> **DIRECTIONS FOR THIS TASK**
Copy the records below exactly, starting at the line that contains "Teve início ontem, quarta-feira, 10, a" and ending at the line that contains "Situat în Okurcalar, Justiniano"; leave out any pictures.

> **RECORDED INFORMATION**
Start of Block

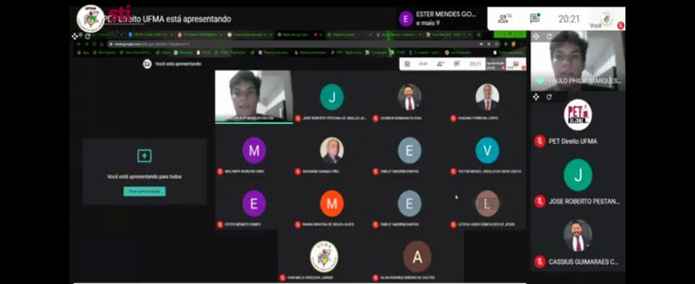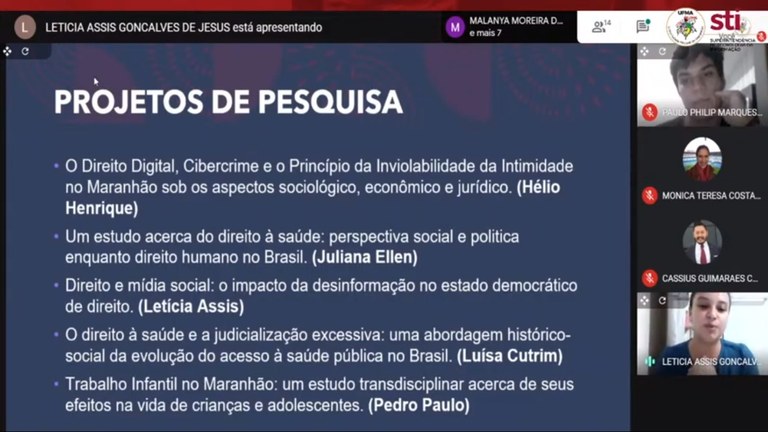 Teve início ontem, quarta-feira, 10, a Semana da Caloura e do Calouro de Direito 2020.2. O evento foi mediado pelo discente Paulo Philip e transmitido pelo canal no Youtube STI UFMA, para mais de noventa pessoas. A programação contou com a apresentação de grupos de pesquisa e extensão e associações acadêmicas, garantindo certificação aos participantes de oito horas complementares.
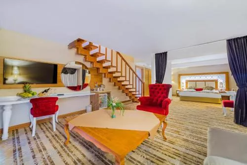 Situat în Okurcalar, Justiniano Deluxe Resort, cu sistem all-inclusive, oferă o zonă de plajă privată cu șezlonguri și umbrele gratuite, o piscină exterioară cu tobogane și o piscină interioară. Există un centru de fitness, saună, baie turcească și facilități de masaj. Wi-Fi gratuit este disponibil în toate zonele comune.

End of Block
Start of Block

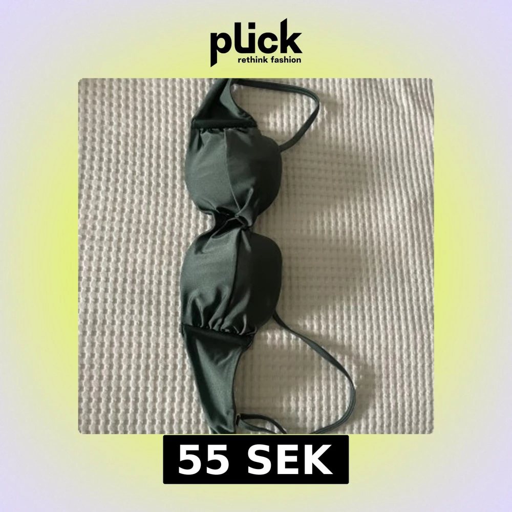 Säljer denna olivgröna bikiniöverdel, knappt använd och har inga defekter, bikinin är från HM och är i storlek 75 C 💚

End of Block
Start of Block

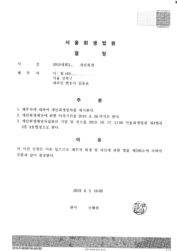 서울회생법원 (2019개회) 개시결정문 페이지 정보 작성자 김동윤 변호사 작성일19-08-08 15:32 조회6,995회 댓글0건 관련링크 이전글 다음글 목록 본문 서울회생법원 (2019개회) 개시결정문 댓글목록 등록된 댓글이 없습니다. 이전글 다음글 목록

End of Block

> **EXERCISE RESPONSE**
 Teve início ontem, quarta-feira, 10, a Semana da Caloura e do Calouro de Direito 2020.2. O evento foi mediado pelo discente Paulo Philip e transmitido pelo canal no Youtube STI UFMA, para mais de noventa pessoas. A programação contou com a apresentação de grupos de pesquisa e extensão e associações acadêmicas, garantindo certificação aos participantes de oito horas complementares.
 Situat în Okurcalar, Justiniano Deluxe Resort, cu sistem all-inclusive, oferă o zonă de plajă privată cu șezlonguri și umbrele gratuite, o piscină exterioară cu tobogane și o piscină interioară. Există un centru de fitness, saună, baie turcească și facilități de masaj. Wi-Fi gratuit este disponibil în toate zonele comune.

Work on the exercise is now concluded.